Hot hamsters will become agitated as they struggle to cope with the temperature. Even the tamest and most temperate hamsters may bite their owners due to stress from overheating.
How To Keep a Hamster Cool in Hot Weather
Ensure the hamster stays cool if your home becomes warmer than 75 degrees Fahrenheit. Monitor the hamster during the summer for symptoms of heatstroke and follow these steps:
Walk through your house during the middle of the day to identify the coolest area. However, the room you choose must be quiet enough for the hamster to get enough sleep during the day.
Because heat rises, you should place your hamster on the lower floors, such as in a basement. A tiled room is another good spot, as it’s likely cooler than a room with carpets.
You can ventilate the room by opening windows or using a fan to circulate air around the room. However, there are two things to consider:
- Draughty locations.
- Fans are pointing directly at the cage.
Even though hot temperatures are dangerous, the cold is just as bad as hamsters can develop hypothermia and go into torpor. According to the Royal Society, this temporary hibernation occurs when hamsters are exposed to sudden cold temperature drops.
You’ll also need to ensure your hamster’s cage is well-ventilated. Barred enclosures already provide plenty of air circulation, but glass and acrylic tanks need a mesh lid to maintain adequate airflow.
No Direct Sunlight
You’ll need to position your hamster out of direct sunlight to keep it cool. Direct light causes heatstroke and dehydration – both of which kill in a matter of hours on a hot day.
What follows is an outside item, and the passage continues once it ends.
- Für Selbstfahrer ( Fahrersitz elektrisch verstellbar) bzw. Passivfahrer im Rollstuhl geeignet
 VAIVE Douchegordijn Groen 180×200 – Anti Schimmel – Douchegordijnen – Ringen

Use a net curtain or blinds to filter out the sun, ensuring your hamster still has access to light to maintain its day-to-night sleeping pattern.
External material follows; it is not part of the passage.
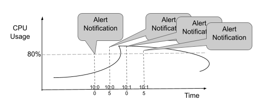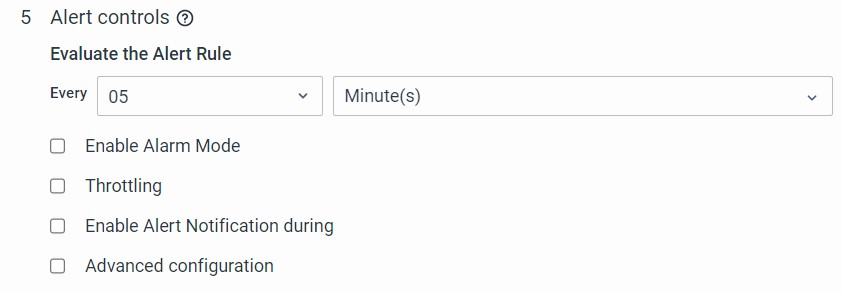 When you disable alarm mode for an alert configuration, the system will keep generating notifications at regular intervals, usually every 5 minutes, as long as the alert conditions remain true. No tracking or notification is done when the alert condition is cleared.

Similarly, keep your hamster away from radiators, heaters, and lit fireplaces to prevent heat exhaustion.
Limit Activity Levels
While hamsters benefit from out-of-cage exercise time, avoid playing too often when it’s hot.
However, some hamsters become stressed if they don’t get daily access to the wider environment. In that case, allow free roaming in the evening when it gets cool.
You can drape a frozen towel or blanket over the cage during the summer. However, be careful not to restrict airflow and remove the towel once it drips.
Providing clean water is essential all year round, but it’s most important in the summer.
Your hamster is more likely to drink more when it’s hot, so frequently refresh the water to prevent it from becoming warm and stale.
Also, if you use a water bottle, check it throughout the day to ensure it doesn’t become blocked, leak, or stop working.
You can even provide a frozen water bottle to give your hamster something to cool itself against.
Fill an empty bottle halfway with water and put it in the freezer until it becomes solid. Wrap it in a towel and place it in your hamster’s cage. An ice pack works just as well.
Made from ceramic or terracotta, hamsters will lay on a cool pad when they feel too hot, reducing their body temperature from underneath.
You can even put your cool pad in the fridge before your hamster awakens.
You can help a hamster cool off by freezing its treats or giving it something to lick on to reduce its body temperature. Once the treats thaw, your hamster will eat the food.
Maintaining a comfortable temperature is essential throughout the year, especially in the summer. Allowing the temperature to get too hot can be fatal.